I am scratching my head. Anyone been through this loop before?
Update:
Spent a long time scratching my head and realised I don't have the capability to figure out the issue in a timely fashion. However, I stepped backwards to the simple solution and this works, but not for me as this gives me memory issues.

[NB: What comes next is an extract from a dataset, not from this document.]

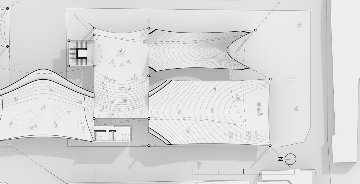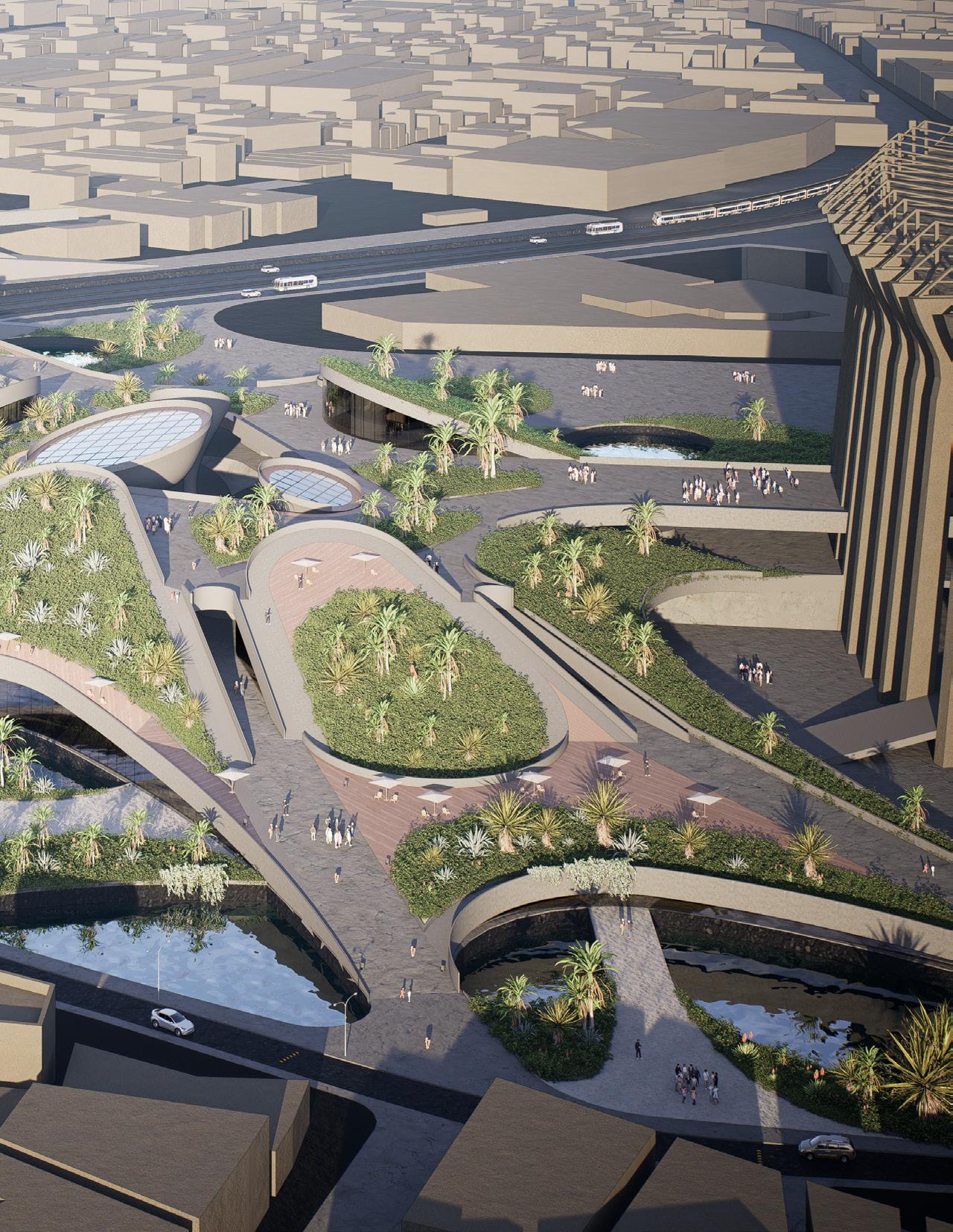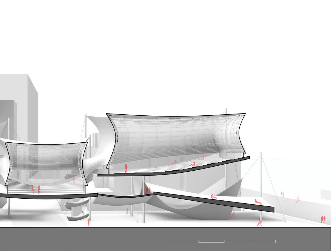 The design begins by identifying and connecting multiple potential spots around the site. Public programs, positioned alongside an activated pedestrian network, transform these points into key urban nodes. At the same time, rainwater collected from the building’s surfaces and a flood-responsive plaza serve as passive strategies to address both water scarcity and flooding.

- (void) simpleEncrypt:(NSString*)filename
{
NSLogDebug(@"simpleEncrypt");
NSString *outputTmpFilePath = [downloadCacheDirectory stringByAppendingPathComponent:[NSString stringWithFormat:@"%@.mov", filename]];
NSData *data = [downloadFileStream propertyForKey:NSStreamDataWrittenToMemoryStreamKey];
NSError *error;
NSData *encryptedData = [RNEncryptor encryptData:data
withSettings:kRNCryptorAES256Settings
password:@"blah"
error:&error];
[encryptedData writeToFile:outputTmpFilePath options:NSDataWritingAtomic error:&error];
NSLogDebug(@"simpleEncrypt isFinished");
}
- (void) simpleDecrypt:(NSString*)filename
{
NSLogDebug(@"simpleDecrypt");
NSString *inputTmpFilePath = [downloadCacheDirectory stringByAppendingPathComponent:[NSString stringWithFormat:@"%@.mov", filename]];
NSString *outputTmpFilePath = [downloadCacheDirectory stringByAppendingPathComponent:[NSString stringWithFormat:@"decrypted%@.mov", filename]];
NSData *encryptedData = [[NSFileManager defaultManager] contentsAtPath:inputTmpFilePath];
NSError *error;
NSData *decryptedData = [RNDecryptor decryptData:encryptedData
withPassword:@"blah"
error:&error];
[decryptedData writeToFile:outputTmpFilePath options:NSDataWritingAtomic error:&error];
NSLogDebug(@"simpleDecrypt isFinished");
}
If I mix it with the previous solution I get the same problem.